Apoptosis is decreased in the cortex of mice treated with dasatinib. Exemplar images of cortical sections stained with an antibody against activated caspase-3 and mean number of cells positive for anti-caspase-3 per section at the indicated dpi. Scale bar, 200 μm. p < 0.0001 for longitudinal statistical analyses at each individual dpi with pairwise comparisons all statistically significant except sham vehicle versus sham dasatinib at 7 dpi, sham vehicle versus sham dasatinib at 14 dpi, and injured dasatinib versus sham vehicle at 21 dpi (one-way ANOVA/Tukey's post hoc test). Each single mean was calculated from 12 sections (2 brains) at 7 dpi or from 18 sections (3 brains) at 14 and 21 dpi (6 fields of view/section). **p < 0.01.

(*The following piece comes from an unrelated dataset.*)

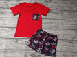MOQ 5 back the red pocket kids boy outfits - 3-6M is backordered and will ship as soon as it is back in stock.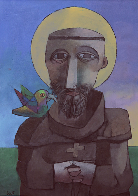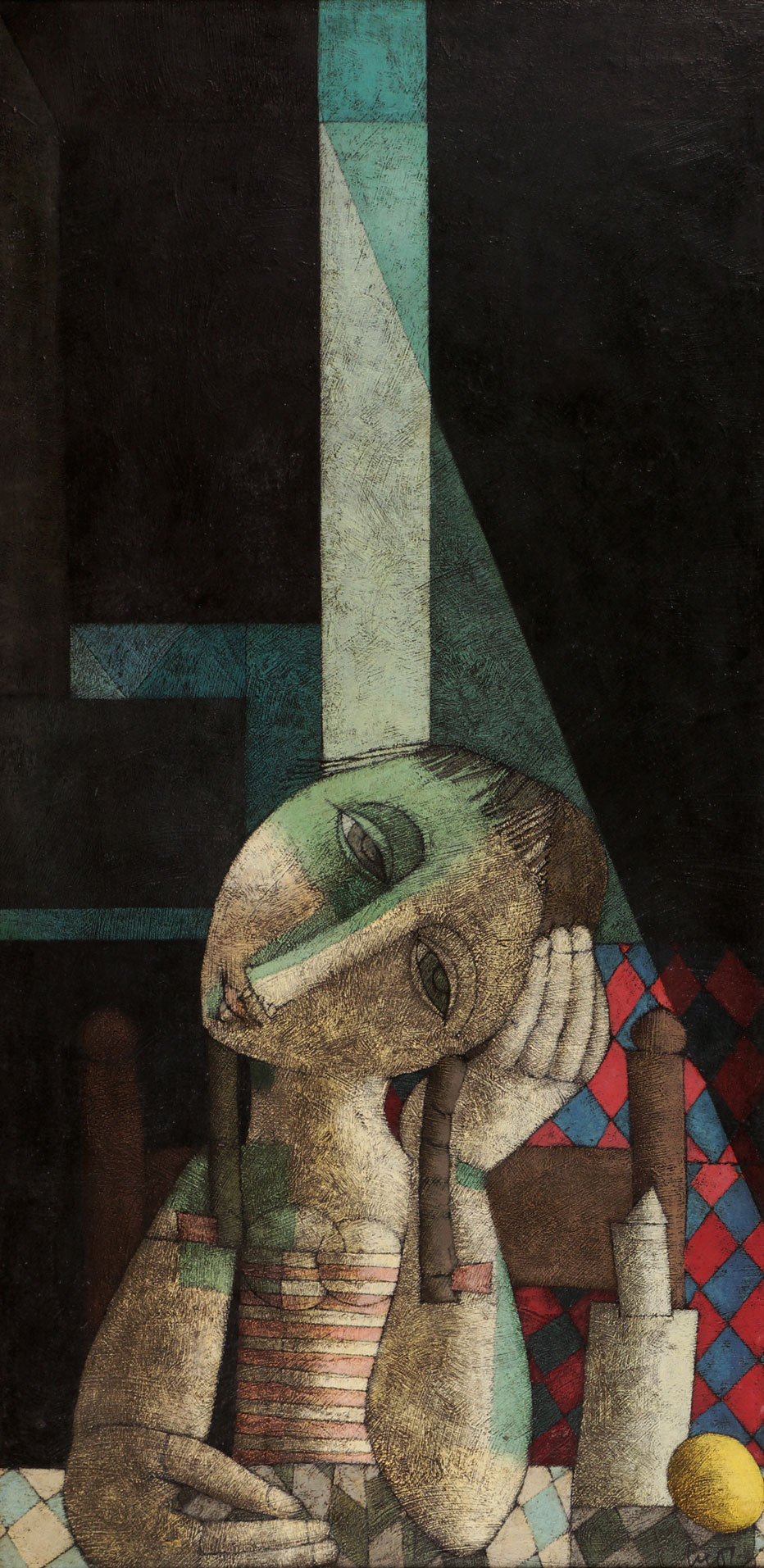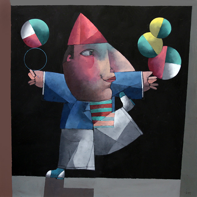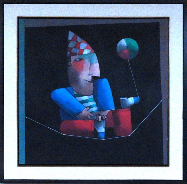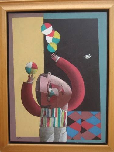 Inos Corradin - Equilibrista com fundo amarelo - Óleo sobre tela - 70 alt x 50 larg - acid e verso

Typical lesions of TBI are ameliorated in the hippocampi of mice treated with dasatinib. A, Mean number of cells positive for GFAP per hippocampal section of the indicated groups of mice at 7 dpi. Each single mean was calculated from 18 sections (3 brains, 2 fields of view/section). B, Mean number of cells positive to FLJC per hippocampal section of the indicated groups of mice at 7 dpi. Each single mean was calculated from 12–18 sections (2–3 brains, 2 fields of view/section). C, Mean number of cells positive to anti-caspase-3 per hippocampal section of the indicated groups of mice at 7 dpi. Each single mean was calculated from 12 sections (2 brains, 2 fields of view/section). In A–C, p < 0.0001 with pairwise comparisons all statistically significant except sham vehicle versus sham dasatinib (one-way ANOVA/Tukey's post hoc test). **p < 0.01.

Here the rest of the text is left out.